Presente al punto stampa anche l’assessore regionale alla Protezione Civile Gianpaolo Bottacin che ha voluto porre l’accento sul modello veneto riconosciuto ormai a livello nazionale: “una ventina di giorni fa a Brescia, al Salone Internazionale della Sicurezza, è emerso chiaramente che i Veneti sono i volontari più preparati d'Italia ma questo è frutto di un gran lavoro di formazione e specializzazione che prevede un corso base di 44 ore, di cui almeno 40 obbligatorie, cosa che non accade in nessun'altra regione d'Italia.
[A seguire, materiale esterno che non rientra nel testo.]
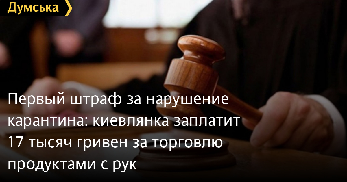 Первый штраф за нарушение карантина: киевлянка заплатит 17 тысяч гривен за торговлю продуктами с рукШевченковский районный суд столицы вынес сегодня первое решение относительно штрафа за нарушение условий карантина. Об этом сообщила пресс-служба суда. Суд установил, что жительница Киева продавала продукты питания с рук в неустановленном месте, чем допустила нарушение санитарно-эпидемиологических правил карантина. Ее признали виновной по ст. 44-3 Кодекса Украины об административных правонарушениях и обязали заплатить штраф в размере 17 тыс. гривен. В суде подчеркнули, что этот размер штрафа, согласно закону, является минимальным. Там также акцентировали внимание на том, что привлекли к ответственности женщину, которая не относится к социально незащищенным слоям населения, к пожилым людям, и которая продавала фрукты и овощи в больших количествах. Напомним, с целью борьбы с распространением коронавируса в Украине Верховная Рада приняла закон, который предусматривает высокие штрафы за нарушение условий карантина. СМЕРТЬ РОССИЙСКИМ ОККУПАНТАМ! Заметили ошибку? Выделяйте слова с ошибкой и нажимайте control-enter Новости по этой теме: 4 марта 2023: "Вакцини-довгожителі", або Як щеплення проти COVID-19 перетворилися в Україні на небезпечний ритуал 27 января 2023: МОЗ обязали опубликовать договоры на закупку вакцин против COVID-19: апелляционный суд удовлетворил иск журналиста "Думской" 11 января 2023: За неделю в Одессе зафиксировано 159 случаев ковида 4 января 2023: За неделю в Одессе зарегистрировано 113 случаев ковида |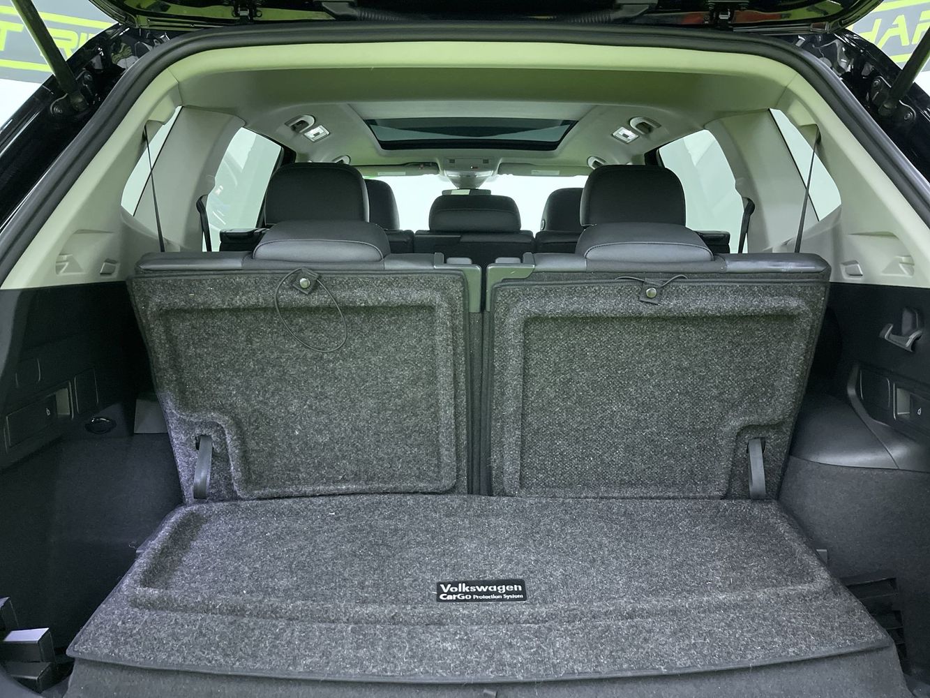 Third-row seatback upholstery: Carpet third-row seatback upholstery
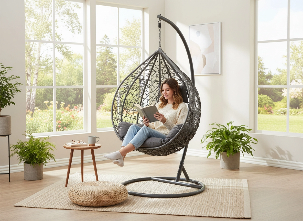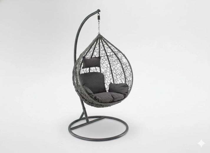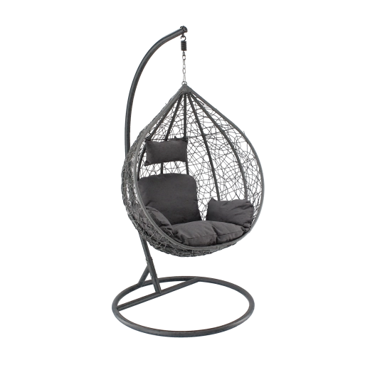 Elegantní závěsné křeslo v jednotném tmavě šedém provedení přinese do vaší relax zóny maximální pohodlí a útulnou atmosféru. Robustní ocelový rám zajišťuje stabilitu a bezpečnost, zatímco prostorné sedadlo s měkkou poduškou poskytuje komfort pro každodenní odpočinek.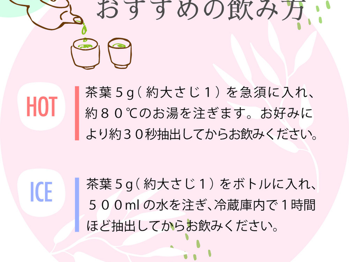 5gの茶葉に、80度のお湯を300ml注ぎ、30秒ほどお待ちいただいてからお飲みください。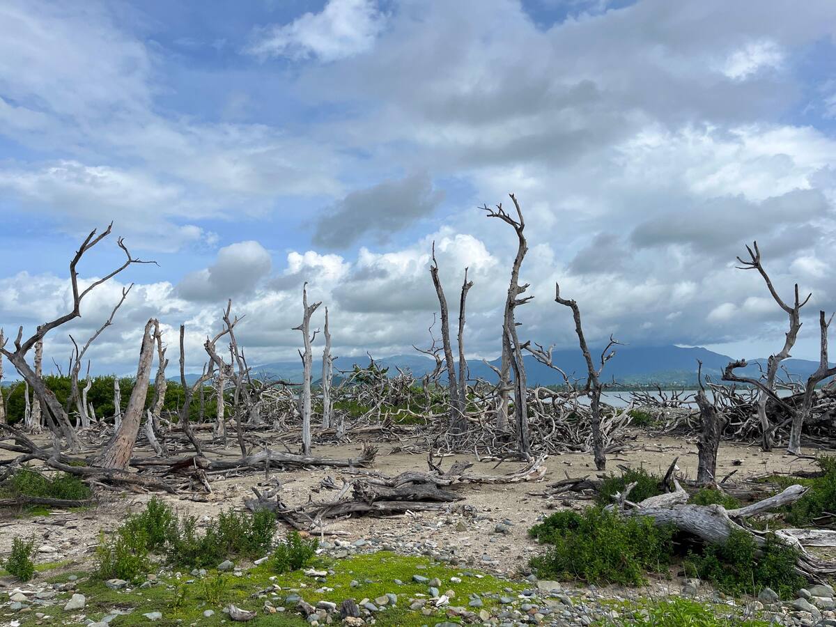 Alrededor hay unas pocas palmeras, algunos arbustos y rocas. Los árboles, impactados hace seis años por el huracán María, aún tienen escaso follaje.
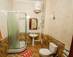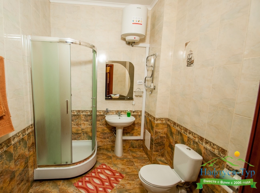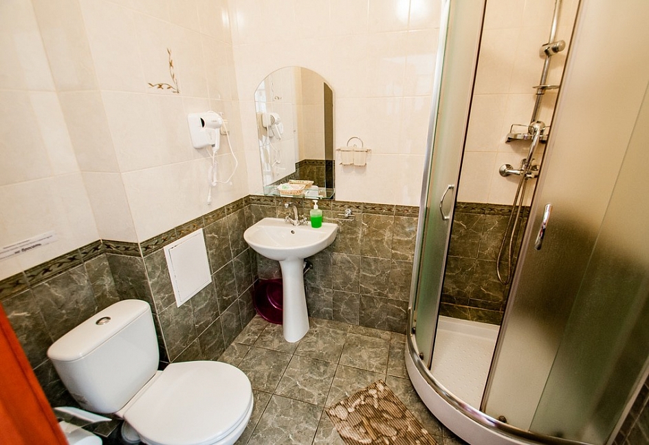 с душевой кабиной, тапочки, туалетные принадлежности, фен

Non è quindi un caso che il 12 marzo del 2019 il Presidente Mattarella, proprio qui a Belluno, dopo la tempesta Vaia, abbia detto che il sistema della Protezione Civile del Veneto è il migliore d'Italia” e ha poi proseguito con un focus sulla formazione e sull’importante presenza di volontari presenti in regione “La Protezione Civile non deve fare solo gestione dell'emergenza ma deve fare anche prevenzione con esercitazioni come quella di oggi perché, sapere prima quali sono i problemi che potrebbero capitare durante l'emergenza vera, fa superare l'emergenza in modo molto più semplice oltre che andare a specializzare ogni gruppo, su un settore particolare dell’emergenza, rendendolo professionale e preparato. In Veneto abbiamo quasi 20.000 volontari che, se paragonati in percentuale al numero di abitanti della regione, ci pone al primo posto in Italia. Inoltre la Provincia di Belluno, sebbene abbia solo il 5% della popolazione del Veneto, conta ben il 15% del totale dei volontari veneti rendendo la Protezione Civile bellunese un vero e proprio orgoglio nazionale”.

 

La mattinata è stata anche l'occasione per inaugurare un nuovo mezzo acquistato grazie ad un investimento della Regione Veneto.